=== Section Start ===

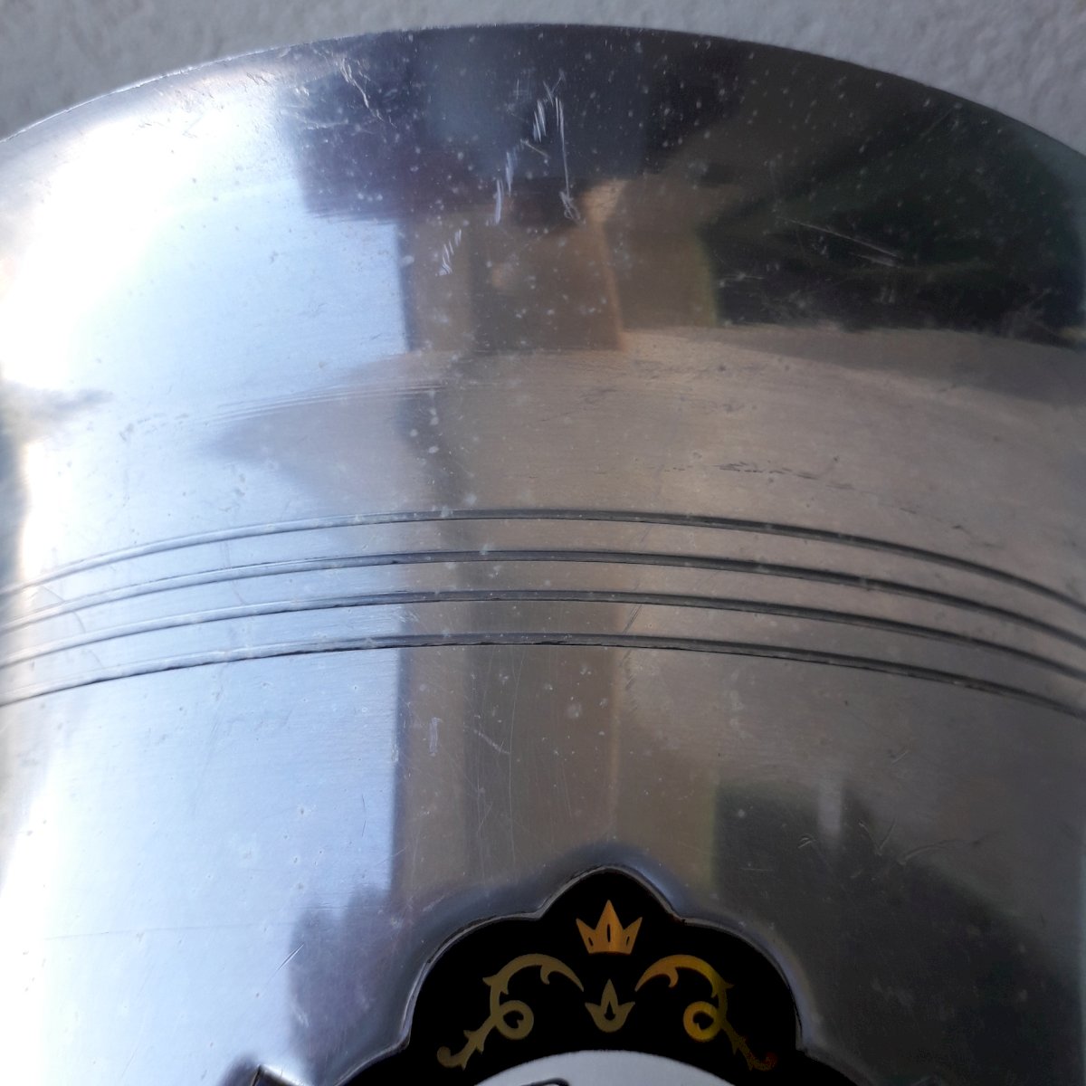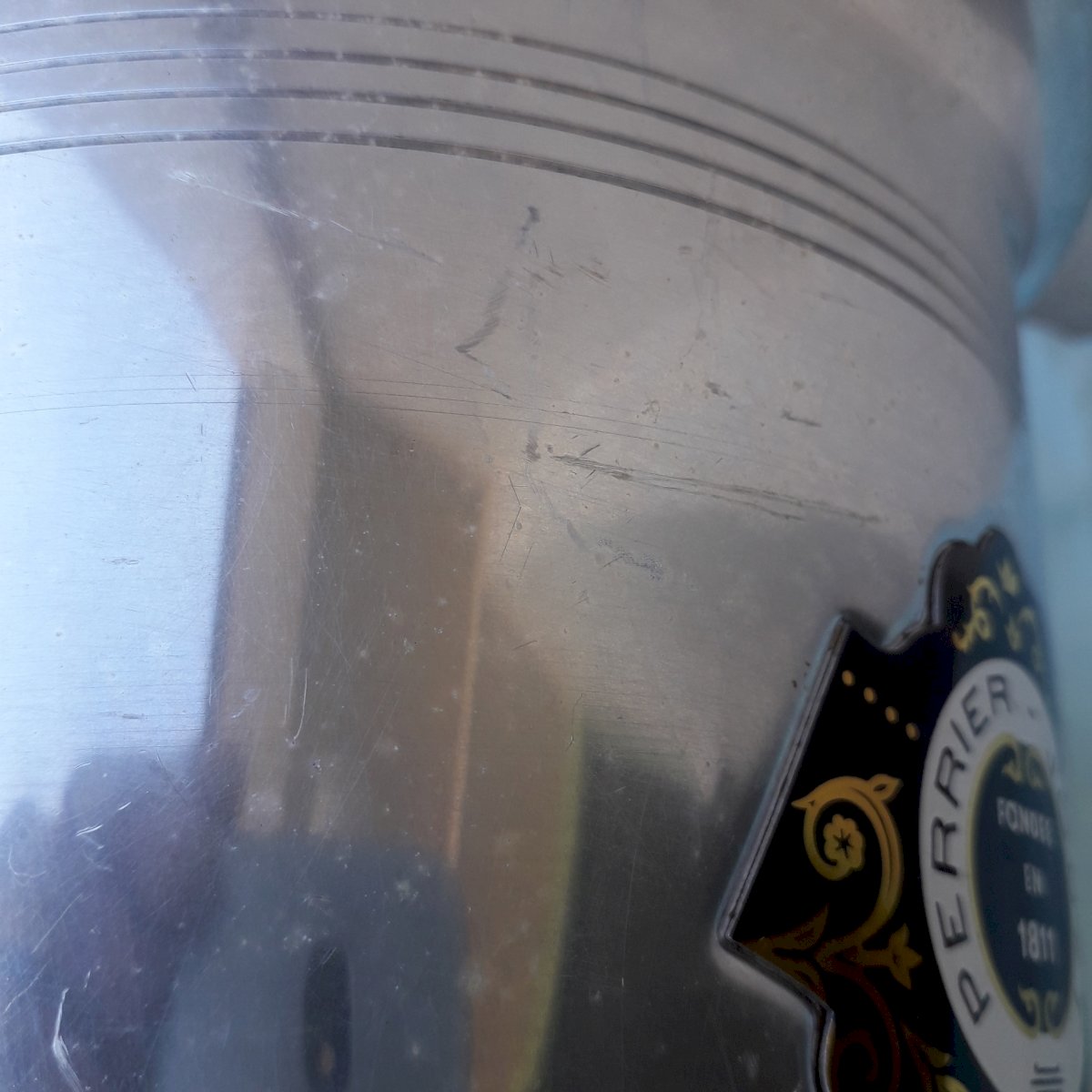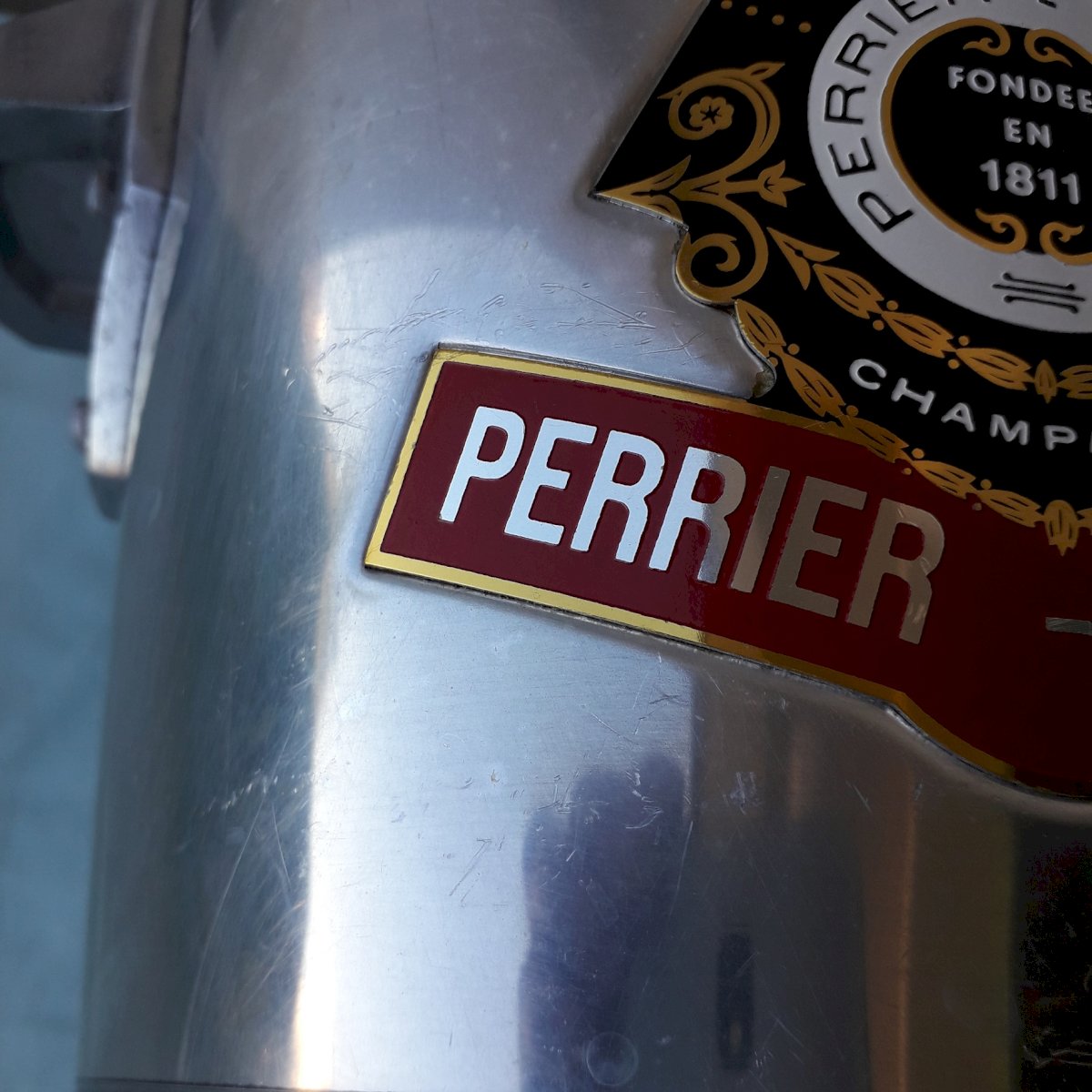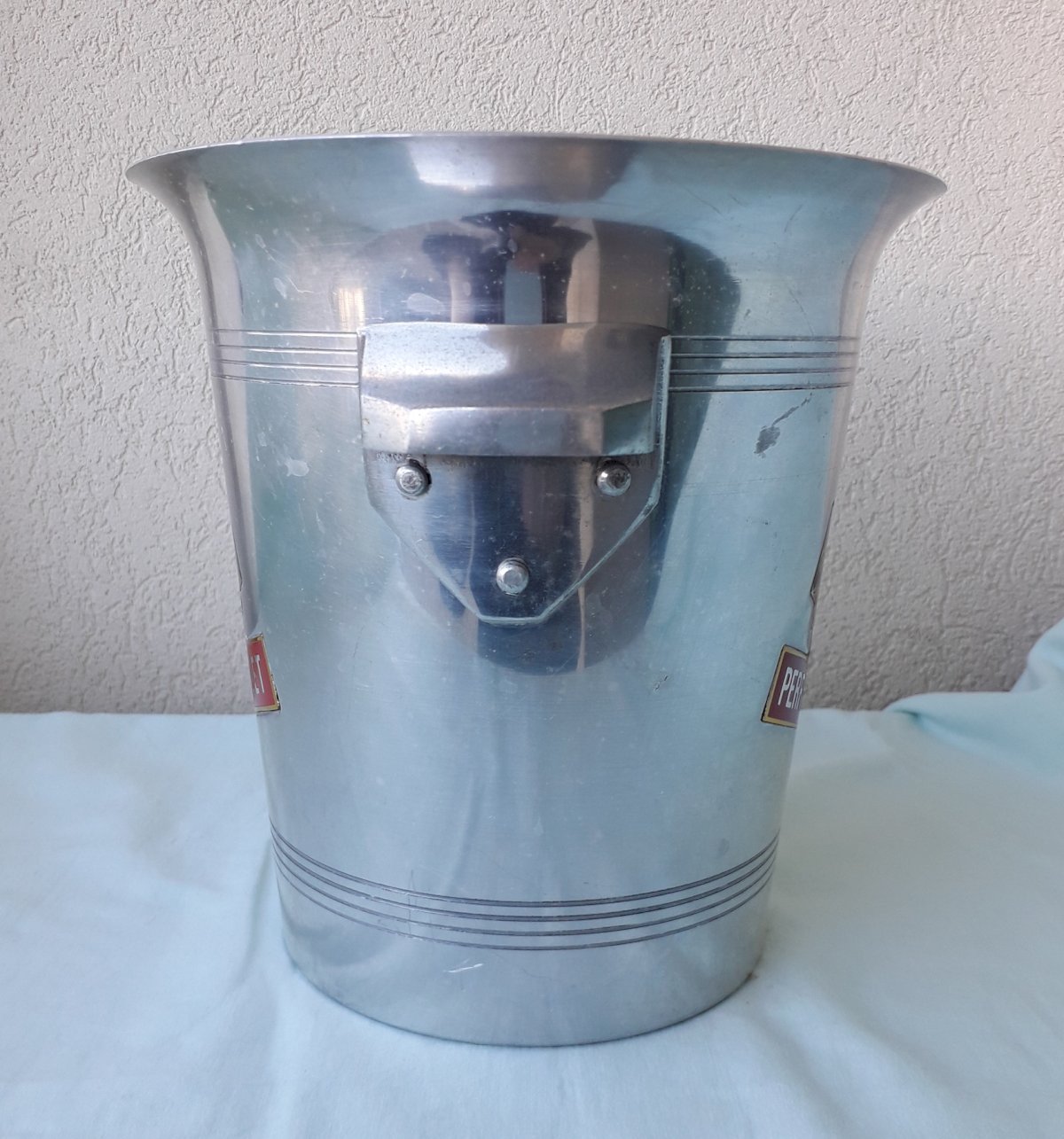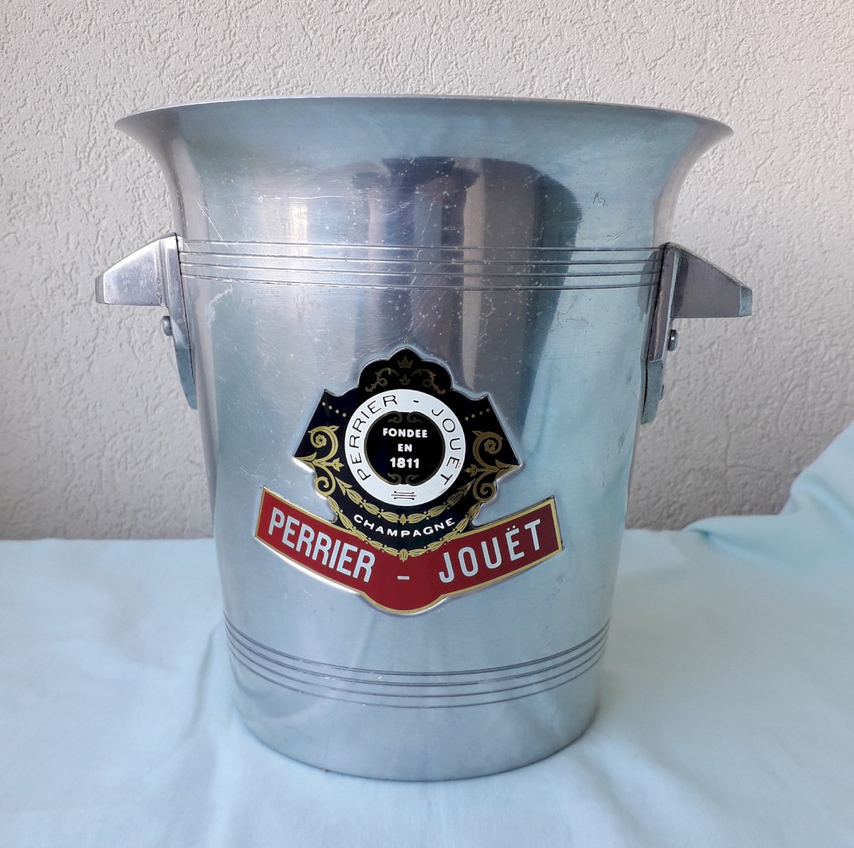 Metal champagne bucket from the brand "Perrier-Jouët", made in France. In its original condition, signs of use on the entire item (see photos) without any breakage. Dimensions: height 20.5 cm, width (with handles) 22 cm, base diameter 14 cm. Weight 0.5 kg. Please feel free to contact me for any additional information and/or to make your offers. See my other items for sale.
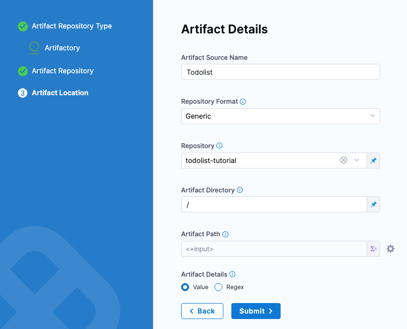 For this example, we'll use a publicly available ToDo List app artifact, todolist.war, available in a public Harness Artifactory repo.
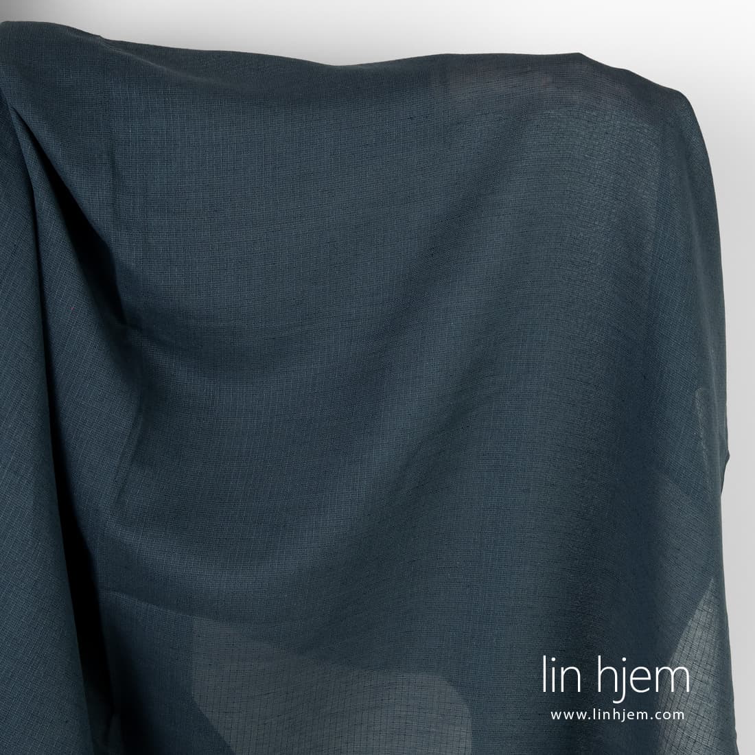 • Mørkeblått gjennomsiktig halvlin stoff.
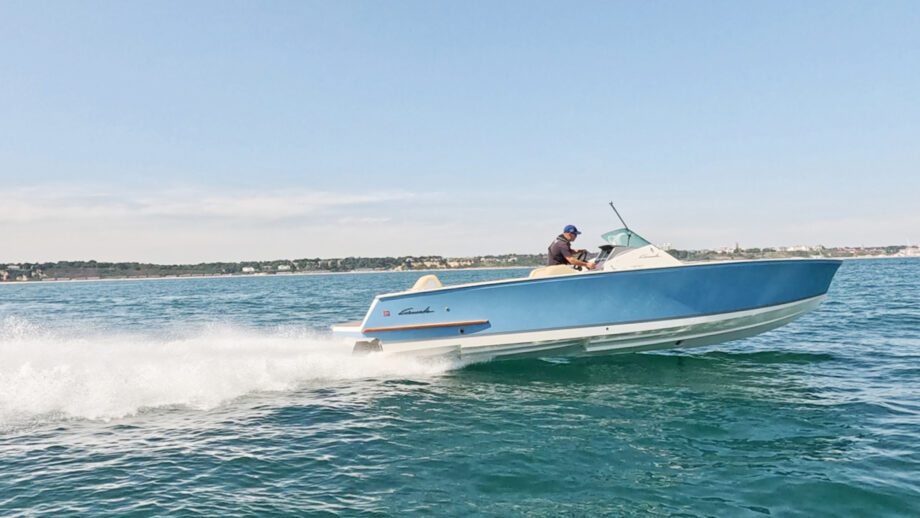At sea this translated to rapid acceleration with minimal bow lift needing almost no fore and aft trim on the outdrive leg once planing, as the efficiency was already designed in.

=== Section End ===

After removing the pictures, transcribe the listing above exactly.

### [Response to this task]
 Metal champagne bucket from the brand "Perrier-Jouët", made in France. In its original condition, signs of use on the entire item (see photos) without any breakage. Dimensions: height 20.5 cm, width (with handles) 22 cm, base diameter 14 cm. Weight 0.5 kg. Please feel free to contact me for any additional information and/or to make your offers. See my other items for sale.
 For this example, we'll use a publicly available ToDo List app artifact, todolist.war, available in a public Harness Artifactory repo.
 • Mørkeblått gjennomsiktig halvlin stoff.
At sea this translated to rapid acceleration with minimal bow lift needing almost no fore and aft trim on the outdrive leg once planing, as the efficiency was already designed in.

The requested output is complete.